No degree is required through my school, KITAS no problem without a degree

----------


## fridgemagnet

Thanks for the information.
Qualificationswise, I have a maths single subject degree, and a TEFL - that's all.
My age may be a problem, as I'm 64 now - though active & in good health - I like surfing, for example, and spend time in Bali each year  (That's where I met the live-in girlfriend).
Seeing as I much prefer Nasi campur to Grapaw khai daow, Indonesia is very attractive. 
Can you find jobs online? Any good websites for Indonesia teaching jobs?

----------


## kingwilly

Ya might find a bit of info on www.livinginindonesianforum.com or dave's ESL cafe, but really, for those sort of jobs you need to be on the ground there. Online just doesn't cut it.

In the bigger international schools you cannot get a job once over 60... However, teaching English jobs seem to be different. 

Good luck.

----------


## The Ghost Of The Moog

> Originally Posted by The_Ghost_Of_The_Moog
> 
> 
> I'm planning a trip to Rinca/Komodo. 
> 
> Any advice for that expedition please!?
> 
> 
> Sailing and diving, they're pretty much all inclusive, not much to organise other than turn up.


Would that be turning up in Labuanbajo, Lombok or Bali though?

----------


## kingwilly

Are you talking about a liveaboard diving trip, or a liveaboard sailing trip, in which case you organise it before you leave, if not, then my mistake.

----------


## The Ghost Of The Moog

> Are you talking about a liveaboard diving trip, or a liveaboard sailing trip, in which case you organise it before you leave, if not, then my mistake.


Not diving. It would either be sailing, or just go and stay nearby (on land) and visit the islands.

----------


## kingwilly

Ok, I know you can organise boats to get to Komodo from Bali, or 3-4 day packages including accommodation. Other than that, not sure, but I would think you'd be right.

----------


## darkrelic

> Thanks for the information.
> Qualificationswise, I have a maths single subject degree, and a TEFL - that's all.
> My age may be a problem, as I'm 64 now - though active & in good health - I like surfing, for example, and spend time in Bali each year  (That's where I met the live-in girlfriend).
> Seeing as I much prefer Nasi campur to Grapaw khai daow, Indonesia is very attractive. 
> Can you find jobs online? Any good websites for Indonesia teaching jobs?

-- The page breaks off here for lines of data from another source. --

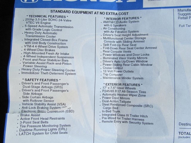 • Engine: 6 Cylinder, 3.5 VTEC L
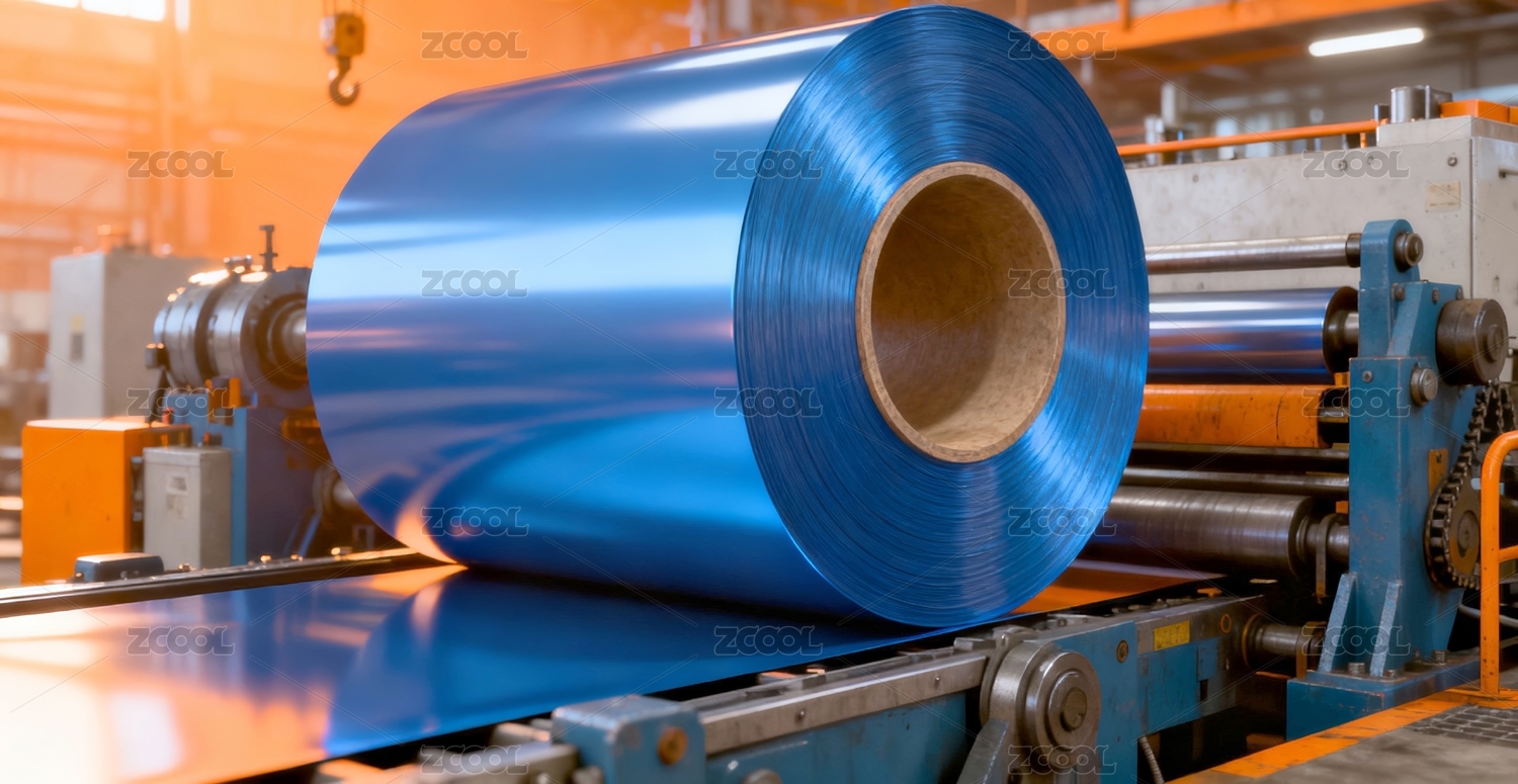现代工厂车间整齐排列钢卷特写中国制造概念
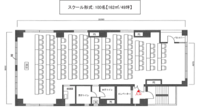 | スクール | シアター | コの字 | ロの字 | 島型 | 立食 | 正賓 | 面積(m²) | 天井高(m) | 形 | 1時間料金(円) | 時間帯料金(円) | |
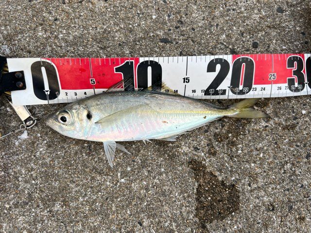 夢の50センチオーバーの巨大アジ釣って見たかったですが、残念な事に尺アジすら釣れずに時合い終了。

Give me an idea of where you want to work mate, don't worry about your age as it might work for you not against you, I only teach corporate language to some of the largest companies in Indonesia and they have a lot more respect for you if your older and have plenty of life experience, if your looking to work in Surabaya then let me know, maybe we can have a chat on the phone about your options mate

----------